One lesson is that he showed up, repeatedly, in places that Democrats rarely visited. He began during his run for Senate in 2016, when he lost in the primary. After he was elected lieutenant governor in 2018, he traveled the state constantly.

photo: Justin Merriman for The New York Times,

When John Fetterman announced his candidacy for the U.S. Senate early in 2021, he vowed to compete everywhere, including areas of Pennsylvania that “feel left behind” and not “part of the conversation.” His campaign mantra was, “Every county, every vote.”

To many political professionals, this sounded like a promise that would give way to the unforgiving arithmetic of a statewide campaign. Rural voters in Pennsylvania, as elsewhere in America, have been increasingly beyond the reach of Democrats. So why bother when you can just mine the deep trove of Democratic votes in the cities and close-in suburbs?

But Mr.

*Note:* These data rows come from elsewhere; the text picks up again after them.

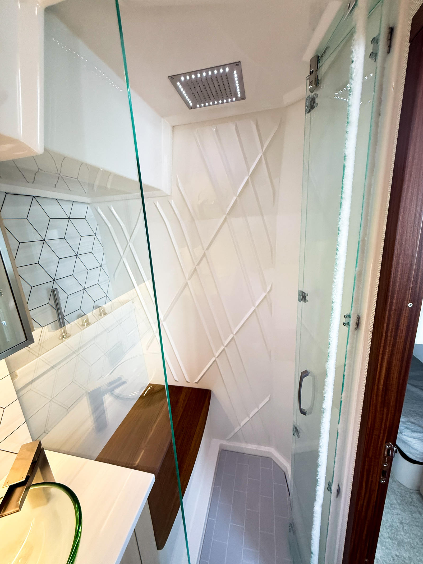 The Regal 43 SAV is designed with both style and functionality in mind. Its hull side is finished in the striking Tahiti Beach White, complemented by a sophisticated Graphite bootstripe and hull bottom. The yacht’s exterior zones are elegantly appointed, with Zones 1, 2, and 3 in Pure White, creating a clean and modern aesthetic. Zones 4 and 5 feature a rich Graphite finish, while Zone 6 is adorned in Graphite Gray, adding depth and visual interest to the overall design. These carefully selected color schemes not only enhance the yacht’s appearance but also reflect Regal’s commitment to quality and craftsmanship.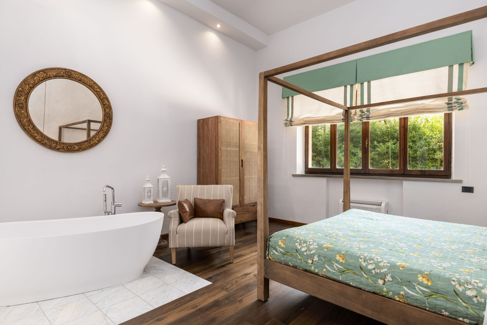 Feriehuset er smukt renoveret og omdannet til en moderne landejendom udstyret med alle moderne bekvemmeligheder, samtidig med at de oprindelige arkitektoniske træk er bevaret. Huset har en elegant indretning og er smagfuldt møbleret.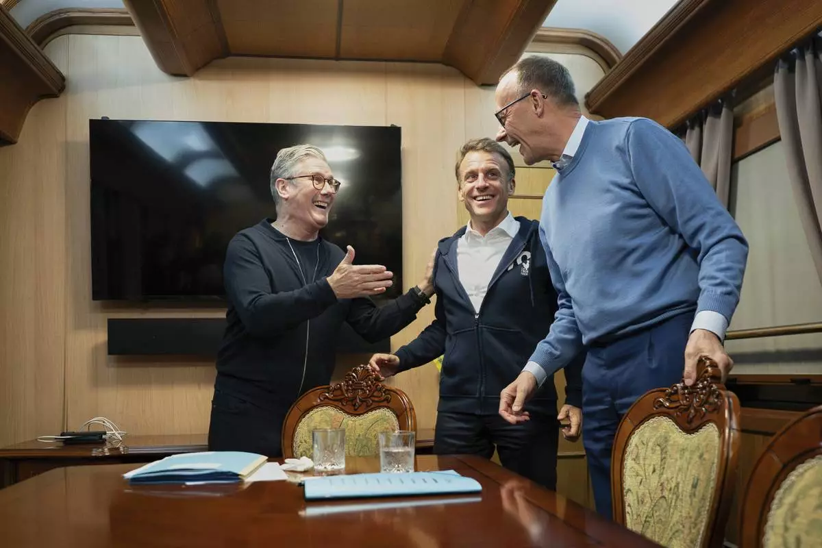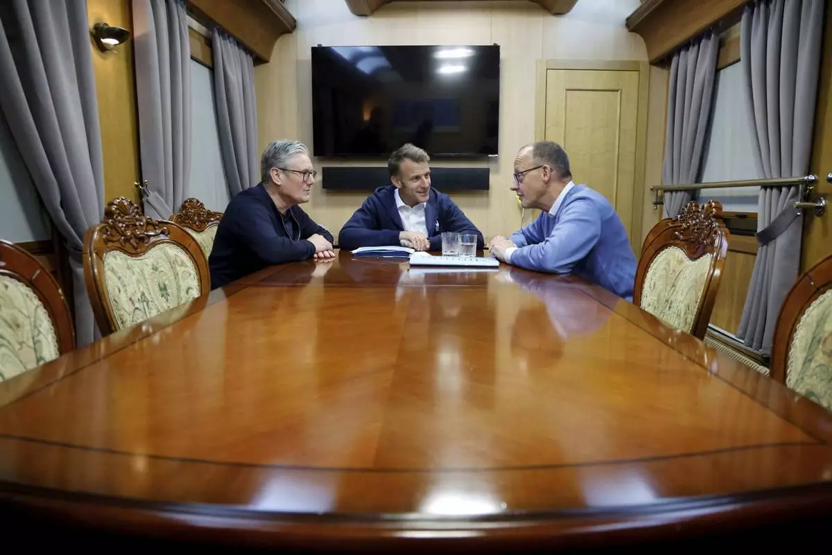 Britain's Prime Minister Keir Starmer, left, meets with French President Emanuel Macron, center, and German Chancellor Friedrich Merz onboard a train to Kyiv in Shegyni, Ukraine, where all three will hold meetings with Ukrainian President Volodymyr Zelenskyy, Friday, May 9, 2025. (Ludovic Marin, Pool Photo via AP)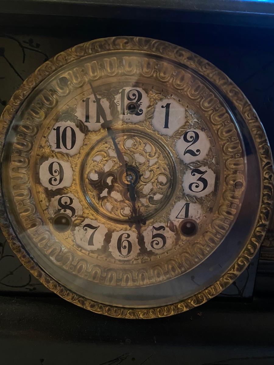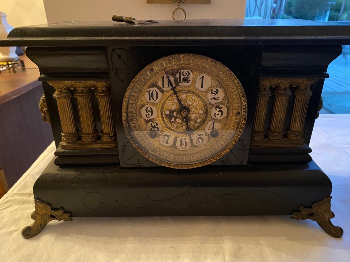 Antique Ebony mantle clock. Non-working, but great display piece. Wm L Gilbert Clock Co. 17-1/2w x 7-1/4d x 11h.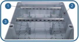 | D type lifting bracket 1. Lifting bracket 2. Screws for the lifting bracket 3. Din rail 4. Screws for the Din rail |

Fetterman, the state’s lieutenant governor and an unconventional politician in almost every way, did not waver. And the results showed that he had substantially cut into the huge margins that Donald Trump ran up in Pennsylvania’s deep-red communities in defeating Hillary Clinton in 2016 — and again four years later in losing the state, just barely, to Joe Biden.

Mr. Biden won Pennsylvania by a razor-thin 1.2 percentage points. Mr. Fetterman’s margin over Mehmet Oz was over four percentage points — a comfortable quarter million votes. He outpaced Mr. Biden and Mrs. Clinton in some of the metropolitan areas, most notably Pittsburgh and its suburbs — but much of the difference was in the votes from across a landscape of small towns and rural communities.

Mr. Fetterman’s victory represented the only Senate seat that either Democrats or Republicans flipped last week. Exactly how Mr. Fetterman was able to beat Dr. Oz — in a swing state and even after suffering a near-fatal stroke that kept him off the campaign trail for weeks — is worthy of close study by Democrats. Voters’ willingness to send a still-recovering candidate to Washington implies a strong emotional investment in Mr. Fetterman.

No candidate can be replicated, and that is especially true of Mr. Fetterman. He is 6-foot-8 with a shaved head, multiple tattoos and a sartorial style that leans to hipster rustic. There are not a lot of other inked-up giants Democrats can put up for office — but Democrats can take these lessons from his winning campaign.

One lesson from Mr. Fetterman is that he showed up, repeatedly, in places that Democrats rarely visited. He began during his run for Senate in 2016, when he lost in the primary. After he was elected lieutenant governor in 2018, a job with few official duties, he traveled the state constantly.

“He has physically spent more time in rural Pennsylvania than any candidate I’ve ever seen,” Jeff Eggleston, the chairman of the state’s Democratic Rural Caucus, told me. “He got to know people. He spent time in our backyards. He made real, meaningful relationships, so people were willing to make a huge sacrifice in order to get him over the finish line.”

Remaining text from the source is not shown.